# Difference between residuals and idiosyncratic errors?

I have a simple question. I want to know the difference between the residuals obtained from a model and idiosyncratic errors.

The biggest difference is that residuals is a term used in statistics and "idiosyncratic errors" isn't.

In statistics there is a distinction between error and residuals, where in the model

$$y = f(x) + \varepsilon$$

$$\varepsilon$$ is the error term, while

$$r = y - \hat y$$

where $$\hat y$$ is the fitted value, is the residual.

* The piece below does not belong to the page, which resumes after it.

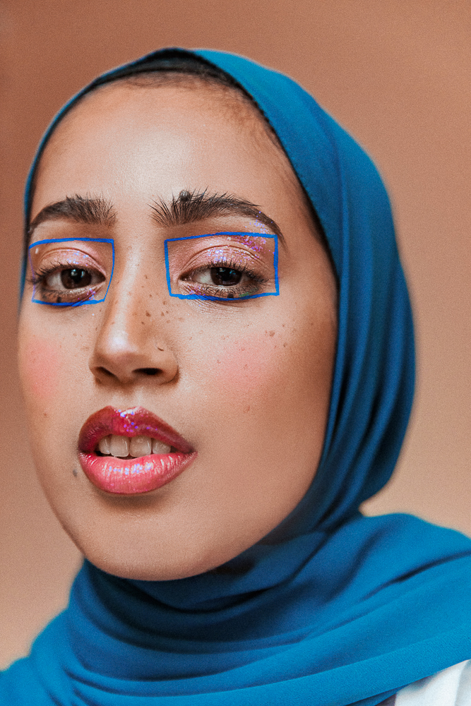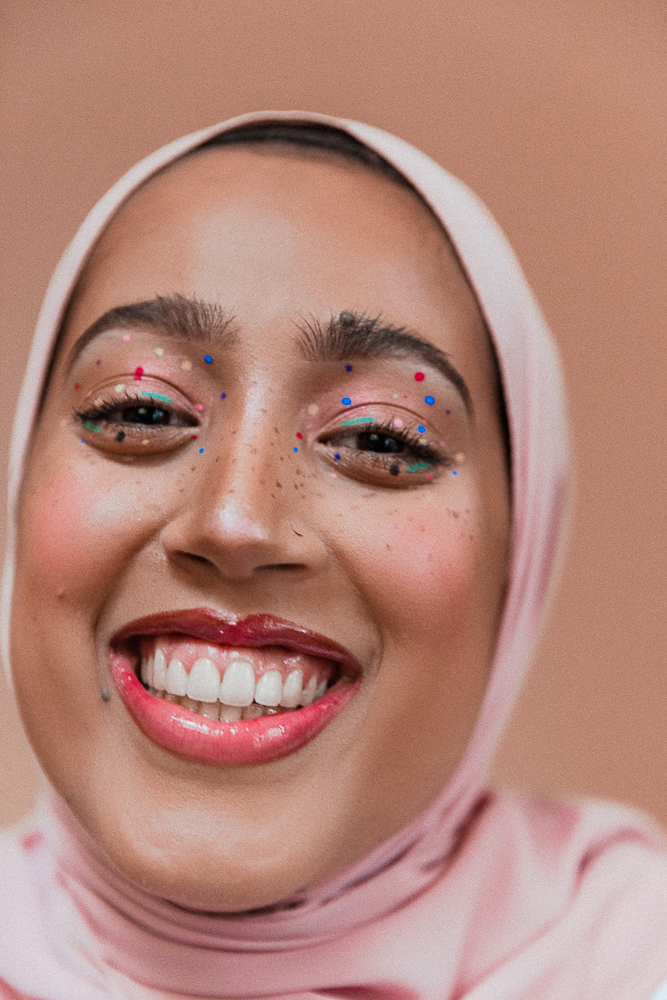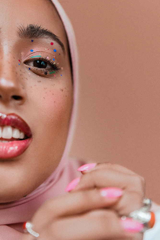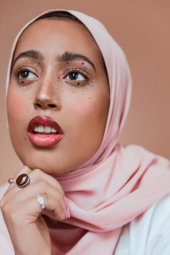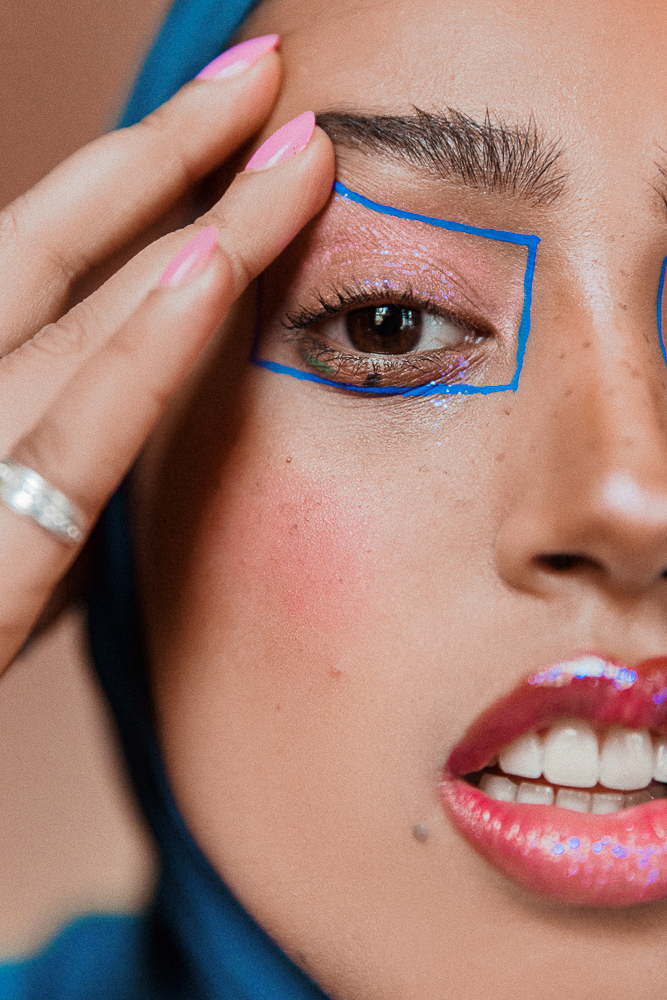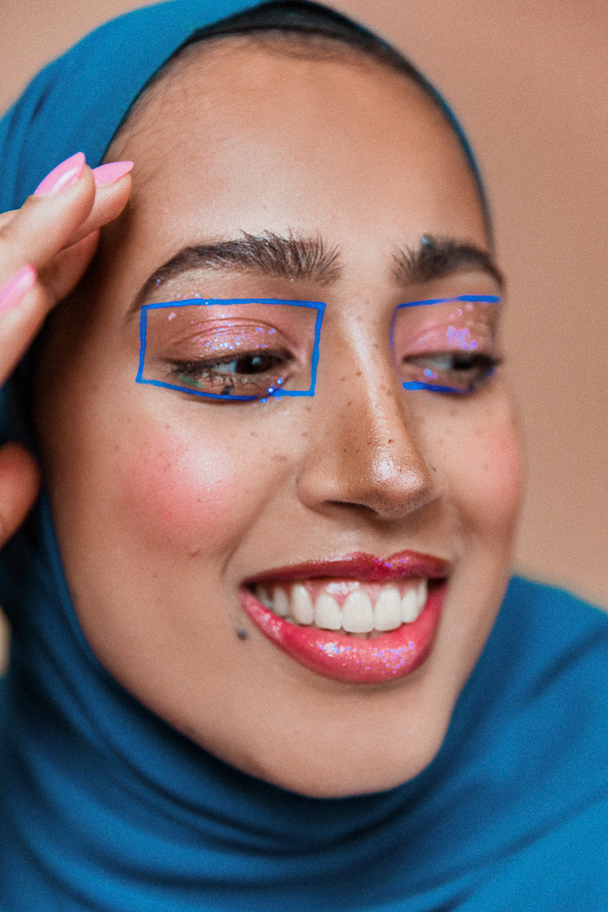 Salwa Rahman, wearing Urban Decay 24/7 Glide-On Eye Pencil, NYX Vivid Brights Eyeliner, and Anastasia Beverly Hills Brow Wiz. Photographed by Tom Newton in London on November 9, 2018.

I did a quick online search and appears in publications be econometricians, like those slides

The basic panel data model is given by:

$$y_{it} = \beta_0 + \beta_1 x_{1,it} + \beta_2 x_{2,it} + \dots + \beta_K x_{K,it} + a_i + u_{it}, \qquad (18)$$

with idiosyncratic errors $$u_{it}$$ [...]

where clearly they mean the error term. Same here where the author also has econometrics background, or discussed on /r/econometrics.

• Great explanation! If the errors in the model are allowed to follow and AR(1) process, does it mean that residuals can also follow an AR(1) process? Jan 12, 2022 at 8:03
• If $\hat y$ is a prediction, I would say $r=y-\hat y$ is a prediction error, not a residual. It would be a residual if $\hat y$ were a fitted value. Jan 12, 2022 at 8:05
• @RichardHardy yeah, corrected.
– Tim
Jan 12, 2022 at 8:06